# Wilcom Adjusting Density



## ccUtah (Mar 23, 2014)

I know this is probably a basic question... we are just figuring out our software and know that we need to adjust the density to achieve a thicker fuller stitch out. Where do we do this in the Wilcom software? If we go to the Satin stitch there is nothing titled density. Any helpful tips on creating a more dense deep pronounced stitch would be very helpful.


----------



## philipfirth83 (Aug 17, 2012)

Go to Object Properties then click on the Fill Tab, Here you have auto spacing and stitch value, Untick Auto Spacing if ticked.

Guidelines for a 40 weight thread should be set to 0.40 in stitch values (Spacing). To increase the density you make the number smaller i.e 0.36

Hope this helps


----------



## ccUtah (Mar 23, 2014)

Phil your a life saver, thanks we are trying to learn a few things, cant take the Wilcom classes in Atlanta till March, thanks for the help, 

follow up, can you do this for borders fill and lettering? what setting looks good for a name on a thicker jacket (heavy Bauer brand)


----------



## philipfirth83 (Aug 17, 2012)

Hi Chuck, Yes you can, with both border and lettering, If your doing small lettering I would leave it at 0.40, large text we normally set to between 0.36-0.38

Cheers


----------



## Liberty (Jul 18, 2006)

Auto Spacing takes into account the width of the satin stitches and this is crucial. The wider the column, the higher the density. (And as Phil pointed out, higher density = lower stitch spacing number.) So on satins that will vary in column width, using auto spacing can be a huge plus. With auto spacing you can change the density using the percentage field. I think 90% is the default. Higher number, fewer stitches.
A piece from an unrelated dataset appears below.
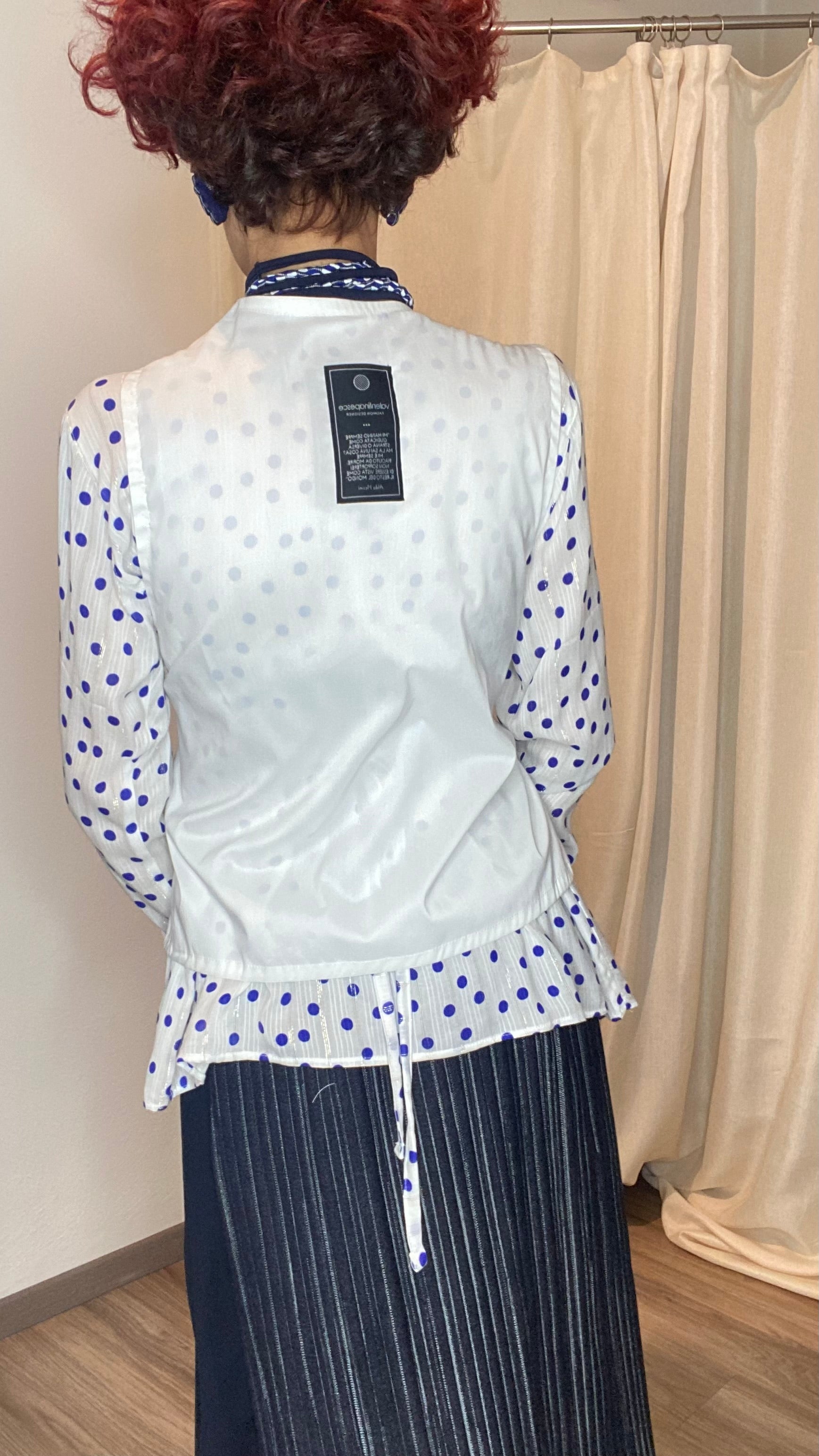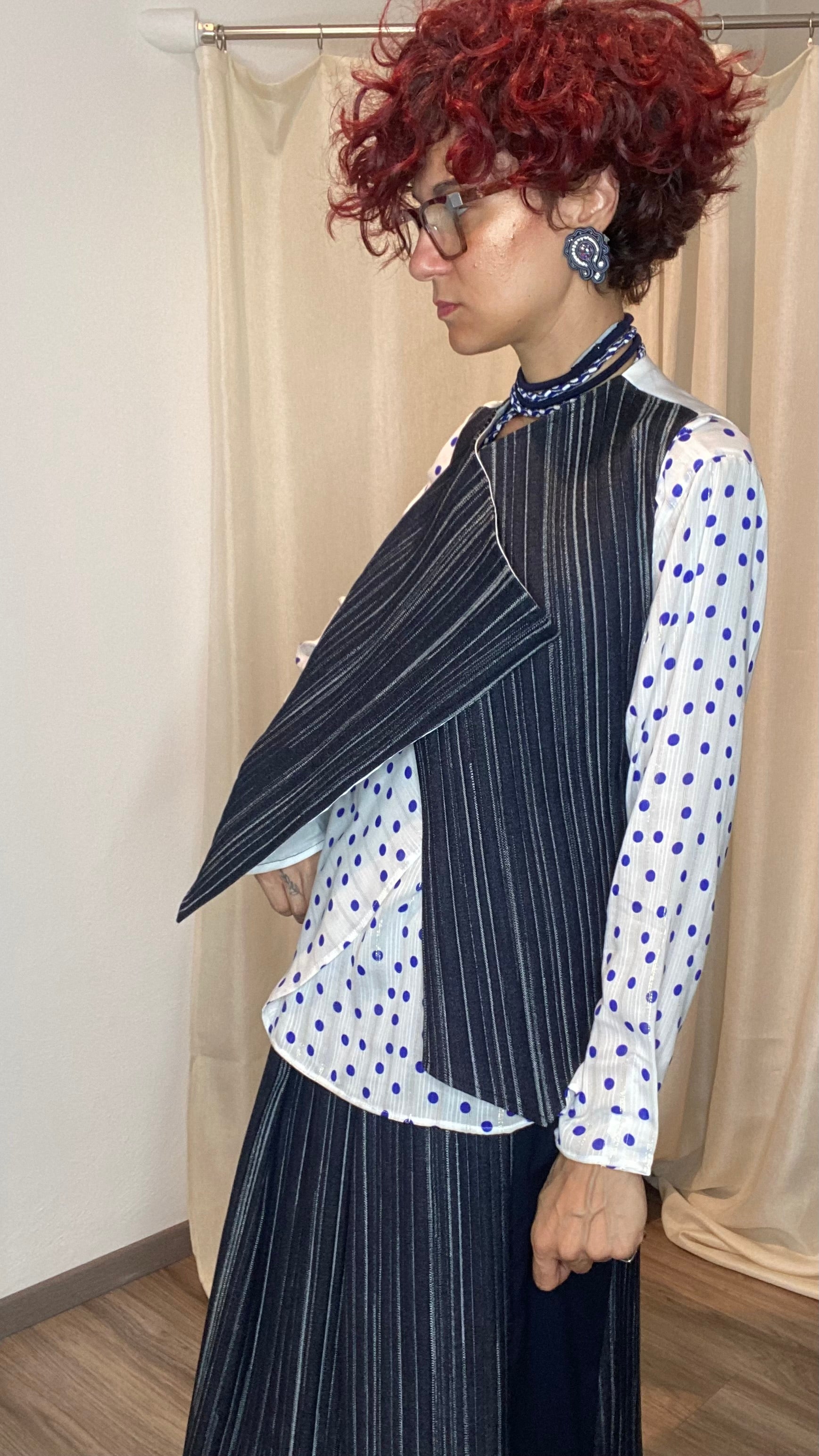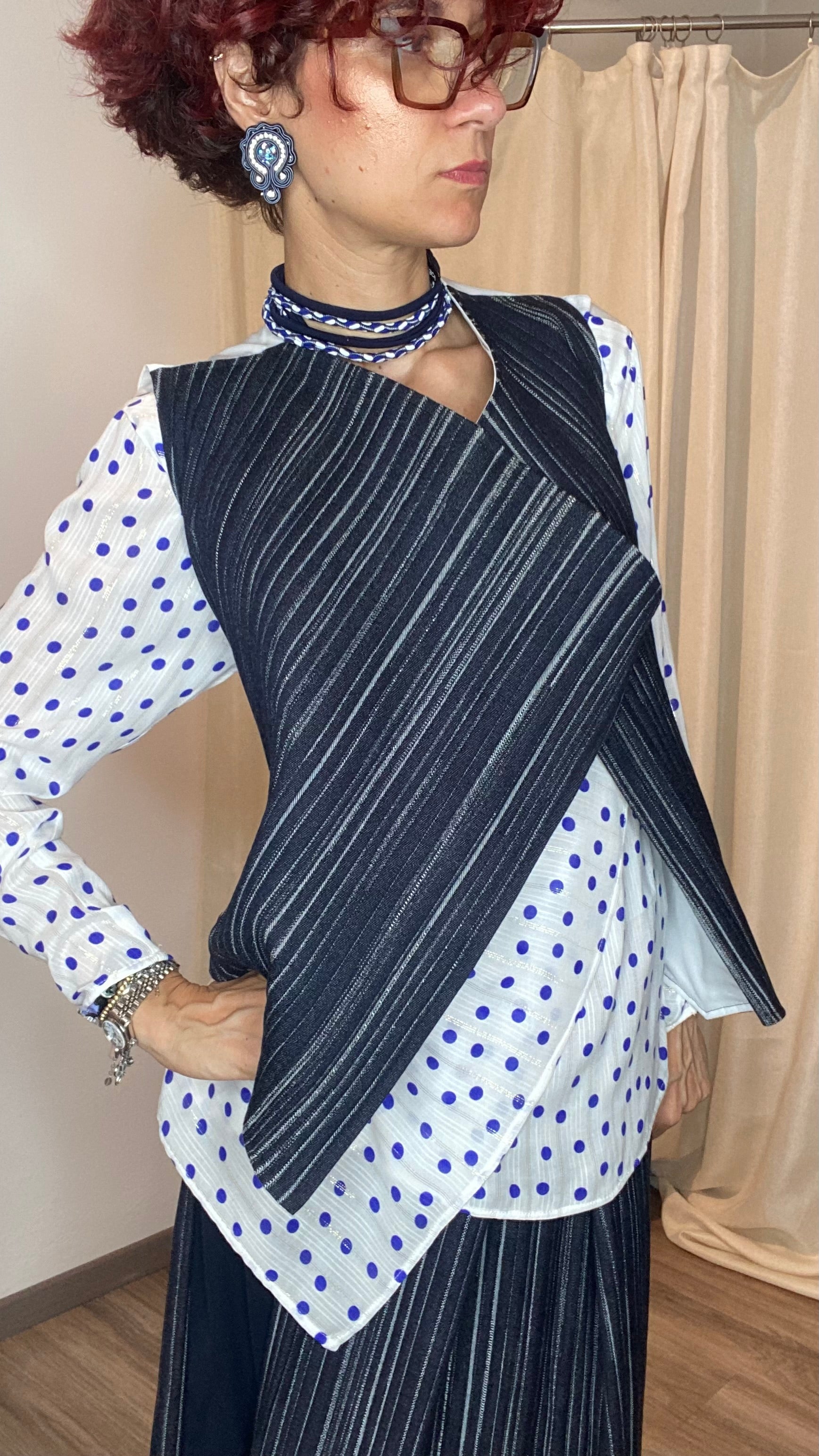 Gilet asimmetrico in jeans e cotone, regolabile in vita mediante laccetti. Veste dalla tg 38 alla 50.

You might try using the Fabric Assistant to start out. This will adjust the densities and underlays based upon the intended fabric. Then sample and adjust if needed. Eventually you can build a set of recipes that work best in your shop. Everything combines to get a good result, backing, topping, hooping technique, type of thread, weight of thread, underlay etc...

And also remember, the amount of underlay will allow density reductions as well and usually result in less puckering or potato chipping. Whenever possible, build the element with underlay and use only as much cover stitch as necessary. 

And don't overlook the best training you can get, reverse engineering a design. When you run a really nice design, be it stock design, digitized, keyboard or whatever, go in and see what settings worked. Even if you started with a stitch file like a DST you should be able to visually see the underlays used and also click objects to see the densities. The same hold for a lousy design, break it apart and learn from it.


----------



## Biltryt (Nov 30, 2014)

If you attend the training with wilcom in March they will also give you a great training manual as well. Play around with the length as well as I find I am saving a lot of stitches by adjusting the length. Also once you get into 3D puff keep your density at .20 to cover the foam etc. Congrats on your new software I love the fact that your asking questions.


----------